Слуга внес большой бронзовый канделябр с шестью восковыми свечами и, поставив его на стол, начал зажигать свечи. Царевна предложила своему министру опять заняться бумагами; но он, уставший от утренней работы и от обеда, как выразился он, попросил у царевны позволения удалиться и, почтительно поклонившись, тихими и плавными шагами пошел к двери.
«Какая разница, – думала царевна, – между этой благородной походкой и шагистикой вприпрыжку того противного капрала! И где у меня были глаза?..»
Проходя около герани, князь Василий Васильевич остановился и понюхал ее. Потом поднял с пола преграждавшую ему дорогу лейку, вылил на герань оставшиеся в ней капли и, поставив лейку на окно, прежним тихим и спокойным шагом вышел из комнаты.
– Возьми эту гадкую… эту пустую лейку, – закричала царевна уходившему слуге, – и скажи садовнику, чтоб ее здесь никогда не было.

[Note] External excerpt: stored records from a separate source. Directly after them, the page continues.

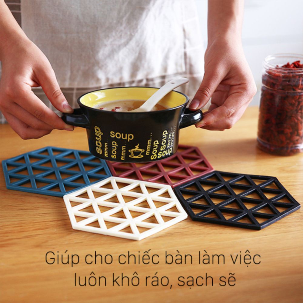 Đế lót ly cốc - Miếng lót nồi hình lục giác bằng nhựa dẻo có tính đàn hồi, chịu nhiệt tốt (màu giao ngẫu nhiên)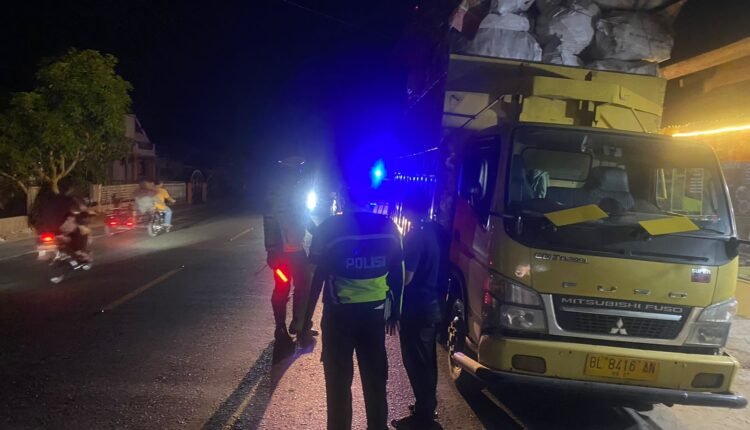Satlantas Polres Aceh Tamiang Berikan Teguran Kepada Para Supir Truck Yang Parkir Sembarangan Guna Cegah Kecelakaan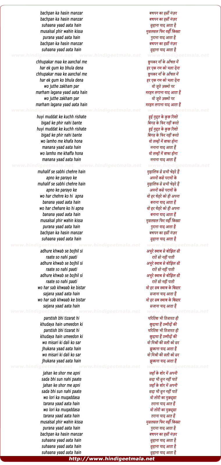 Lyrics of Bachpan Ka Haseen Manzar - बचपन का हसीं मंज़र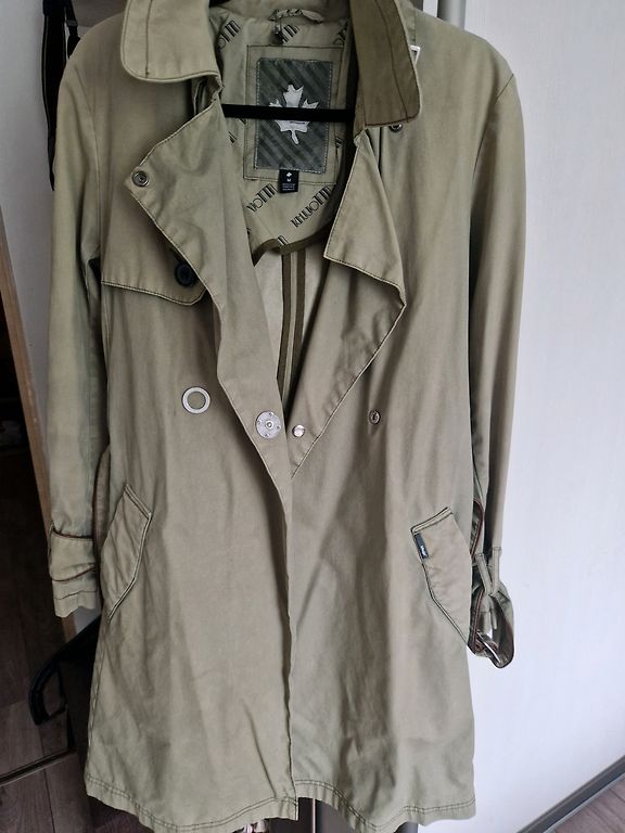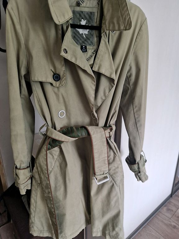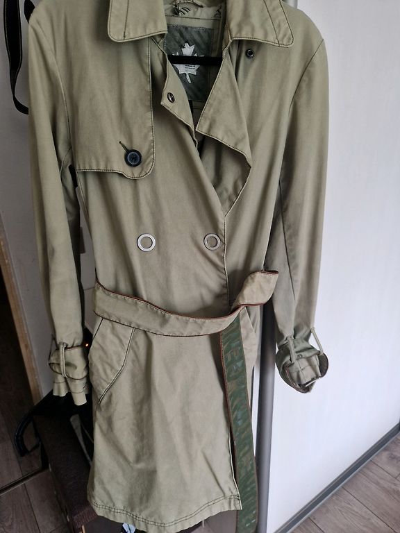 Tamsiai žalias chaki spalvos paltas! Vidutinio storio pamušalas! Yra spaudės 2 eilėse, kišenės! Labai lengvas. Gerai atrodo ir mažesniam dydžiui!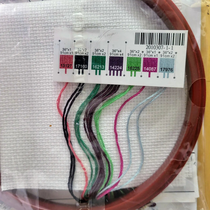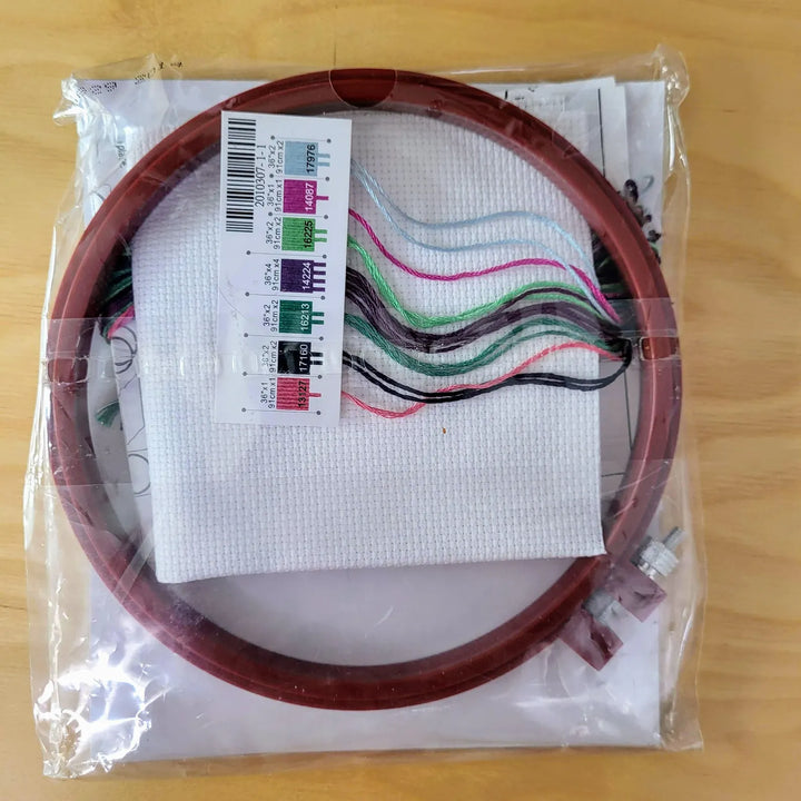 The enclosed rust coloured stitching hoop doubles as a frame for displaying your completed project.

Слуга поспешно унес лейку, удивляясь такому беспорядку и собираясь хорошенько пожурить дежурного садовника за его оплошность.
А царевна закрыла лицо руками и упала на кресло, на котором перед тем сидел князь Василий.
– Погибла! Навсегда погибла! – вскрикнула она и горько, горько заплакала.
Глава II
Помещица XVII столетия
Двадцатилетний юноша готов застрелиться от неверности женщины, даже если он не совсем убежден в ее неверности. Он зрело обдумает план свой удивить неверную или насолить ей. Перед смертью он напишет письмо на четырех страницах: на первых трех сообщит неверной, что он один во всем мире умел любить как следует, а на четвертой докажет, как дважды два четыре, что она всю свою жизнь должна оплакивать такого необыкновенного человека.
Тридцатилетний несчастный любовник тоже иногда стреляется; но чаще он предпочитает застрелить или хотя бы подстрелить своего соперника, а иногда и ее, коварную. Себя же он застрелит не иначе как сгоряча и непременно у ног коварной. Письма перед смертью он ей не напишет, а если начнет писать, то раздумает стреляться.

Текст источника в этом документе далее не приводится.